According to a report from 9to5Mac published late last week, Apple is looking to patch up the In-App purchase hack in iOS 6 and has issued best practices to developers in an email as well as a temporary solution. This will allow developers to temporarily fix the issue until a proper fix can be released in the update. The purchase issue was originally created by a Russian hacker who created a hack allowing users to illegally download in-app purchases for free.
This is a serious issue for developers who are losing lots of revenue, as some in-app purchases can range anywhere from $0.99 to $99.99. The hack can be done in three steps and works from iOS 3 to the current version of iOS 5.The hack is creating a major security issue, especially with users attaching the hack to iOS devices with personal information, such as email accounts, Facebook, and credit card info which is susceptible to being stolen through the hack itself.
Apple is now reportedly cracking down on the hack by providing developers with best practices in order to use on their apps, to ensure that their apps are not affected. In the same email as the best practices, Apple also included a web document, giving developers a background on the hack and solutions to fix it.
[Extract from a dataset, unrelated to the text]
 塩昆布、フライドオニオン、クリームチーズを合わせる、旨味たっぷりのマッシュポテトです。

Apple has confirmed that a fix is coming in iOS 6, to be released later this fall.
A vulnerability has been discovered in iOS 5.1 and earlier related to validating in-app purchase receipts by connecting to the App Store server directly from an iOS device. An attacker can alter the DNS table to redirect these requests to a server controlled by the attacker. Using a certificate authority controlled by the attacker and installed on the device by the user, the attacker can issue a SSL certificate that fraudulently identifies the attacker’s server as an App Store server. When this fraudulent server is asked to validate an invalid receipt, it responds as if the receipt were valid. iOS 6 will address this vulnerability. If your app follows the best practices described below then it is not affected by this attack.
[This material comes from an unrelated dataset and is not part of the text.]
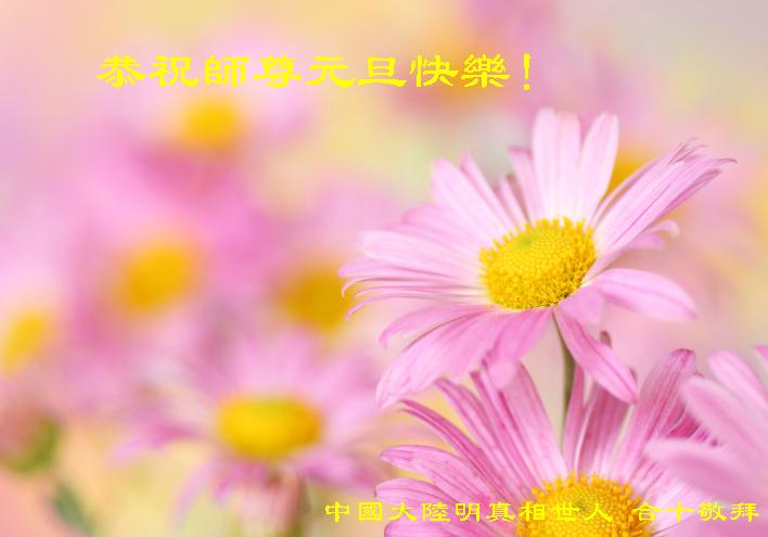 师父好!十五年了,您的弟子们不畏生死的用各种方式持续讲述着法轮大法的美好和被迫害的真相,使众多的国人摆脱了中共邪*党-的束缚和精神控制,我们得救了!只有最伟大的师父才能教出数以亿计的如此优秀的弟子们。谢谢您! 中国大陆大法弟子的亲人们恭祝大法师父元旦快乐!

This is an issue that Apple is taking seriously as it not only affects the revenue stream for both the Cupertino company developer community, but also affects the users who are risking their personal information on their devices by installing the hack. Although Apple’s temporary fix will hold off the hack for some time, iOS 6 will ultimately fix the issue for both developers and patch it up for users. iOS 6 is expected to be released in October, alongside new iPhone 5 and new iPad hardware.